→ AIM OF THE TASK
Below are the entries. Print only the lines starting at the one with "Der schwächste Ausblick" and ending at the one with "Diamantový obrázek žluté", exactly, with no pictures.

# # # # #

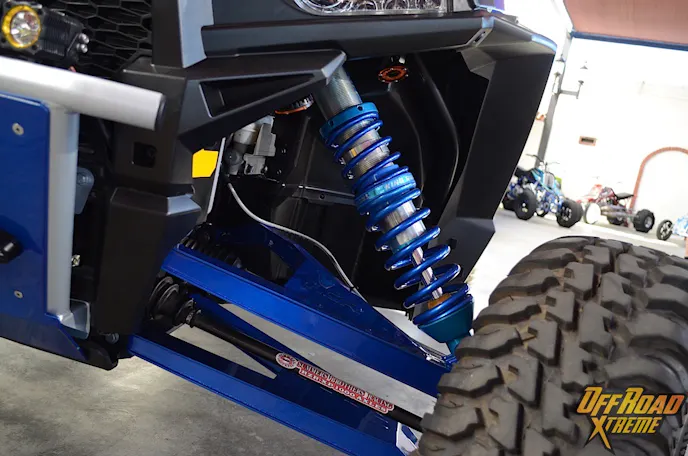 SXS Performance built this Bud Light RZR XP 4 1000, with Proline Wraps setting off the UTV with its familiar blue bubble beer can look. Not only does this RZR look good but everything on it is done with a purpose and increases the overall performance of the vehicle.
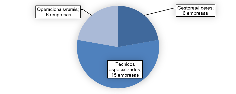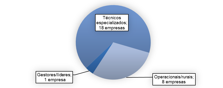 Pode-se supor, portanto, que as empresas mais consolidadas no mercado tendem a ter mais sucesso na manutenção de níveis baixos de turnover e estão experimentando crescimento, evidenciado pelo aumento do quadro de funcionários de nível superior de escolaridade, descritos aqui como técnicos especializados e gestores/líderes. A dificuldade em atrair esses profissionais também foi avaliada nesta pesquisa, questionando os participantes sobre a experiência atual na atração e retenção de profissionais talentosos, divididos em três categorias hierárquicas: profissionais operacionais/rurais, técnicos especializados e gestores/líderes. Em relação à busca por bons profissionais e à retenção deles, as empresas participantes relataram encontrar maior dificuldade com os técnicos especializados, como demonstrado nas Figuras 11 e 12.
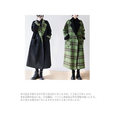 リバーシブル ロングコート レディース 冬 フェイクウール チェスターコート チェック ボア ロング コート 黒 アウター 女の子 羽織 ボアコート きれい ダブルボタン ビッグ襟 チェック柄コート
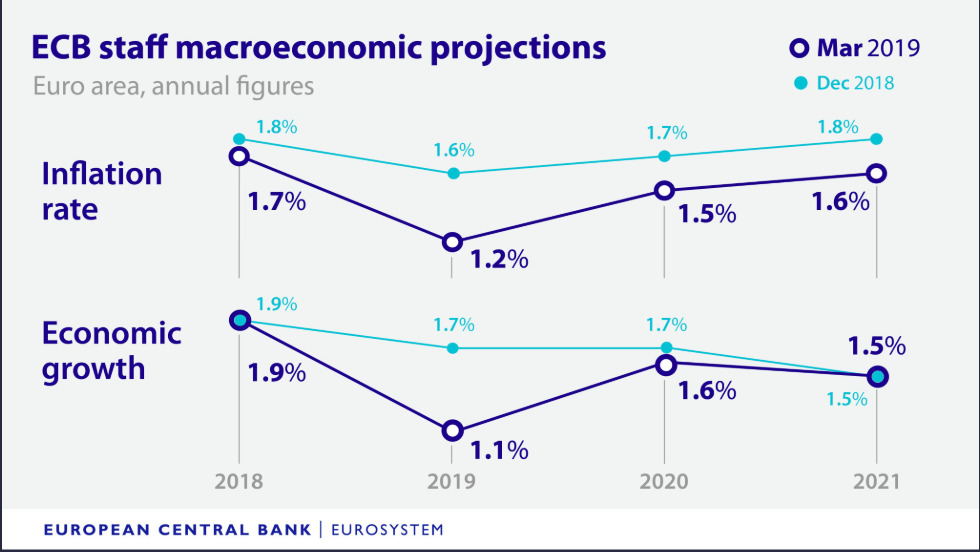 Der schwächste Ausblick für die Eurozone seit 2013. Die Staff-Economic Prognosen der EZB. Bemerkenswert ist, dass die EZB die Inflation-Prognose für 2021 von 1,8% auf 1,6% zurück revidiert hat, Graph: ECB, March 7, 2019
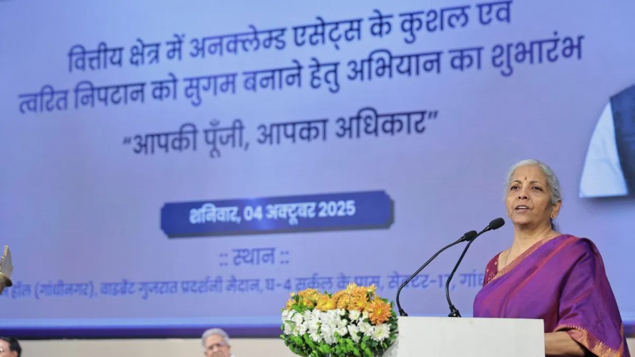 કેન્દ્રીય ફાઇનાન્સ મિનિસ્ટર નિર્મલા સીતારામને શનિવાર, 4 ઓક્ટોબરના રોજ જણાવ્યું હતું કે, બેંકો અને નાણાકીય નિયમનકારો પાસે ₹1.84 લાખ કરોડની ‘અનક્લેમ્ડ સંપત્તિ’ છે. તેમણે અધિકારીઓને વિનંતી કરી કે, આ નાણાં તેના હકદાર માલિકો સુધી પહોંચે તેની ખાતરી કરે. સીતારામને ગાંધીનગરમાં એક કાર્યક્રમમાં “આપકી પૂંજી, આપકા અધિકાર” ઝુંબેશ શરૂ કરી.
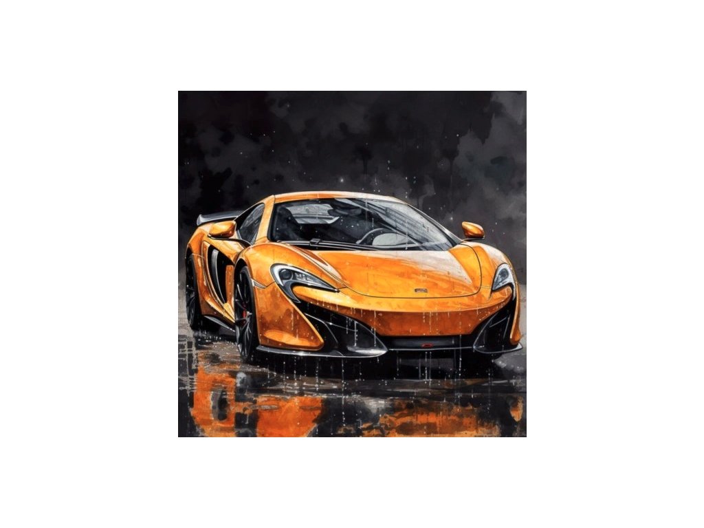 Diamantový obrázek žluté sportovní auto v dešti 30 x 40 cm
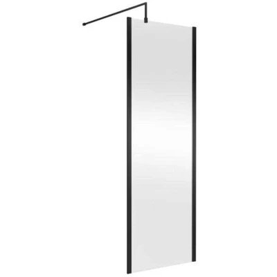 General description Supplied complete with Wetroom Screen, Wall Channel, Decorative Profile Undrilled, and Support Bar. This product features a modern design with 8mm toughened safety glass, making it both stylish and durable. The screen is reversible for easy left- and right-hand corner installation and can be coordinated with other glass panels for a bespoke shower enclosure. Technical specifications Glass Thickness: 8mm Glass Height: 1850mm Glass Width: 700mm Weight: 31.97 Kg Adjustment Range: 675-695mm Profile Material: Aluminium Profile Finish: Matt Black Glass Style: Clear Shape: Straight Installation During installation, extra care must be taken to avoid damaging the fittings. A fixing bracket with a rotating joint is included for secure installation. Usage This wetroom screen is designed for domestic use and is suitable for corner installations. It is important to follow the manufacturer's instructions for installation and care to maintain the lifetime guarantee against faulty

# # # # #

→ ANSWER BOX
 Der schwächste Ausblick für die Eurozone seit 2013. Die Staff-Economic Prognosen der EZB. Bemerkenswert ist, dass die EZB die Inflation-Prognose für 2021 von 1,8% auf 1,6% zurück revidiert hat, Graph: ECB, March 7, 2019
 કેન્દ્રીય ફાઇનાન્સ મિનિસ્ટર નિર્મલા સીતારામને શનિવાર, 4 ઓક્ટોબરના રોજ જણાવ્યું હતું કે, બેંકો અને નાણાકીય નિયમનકારો પાસે ₹1.84 લાખ કરોડની ‘અનક્લેમ્ડ સંપત્તિ’ છે. તેમણે અધિકારીઓને વિનંતી કરી કે, આ નાણાં તેના હકદાર માલિકો સુધી પહોંચે તેની ખાતરી કરે. સીતારામને ગાંધીનગરમાં એક કાર્યક્રમમાં “આપકી પૂંજી, આપકા અધિકાર” ઝુંબેશ શરૂ કરી.
 Diamantový obrázek žluté sportovní auto v dešti 30 x 40 cm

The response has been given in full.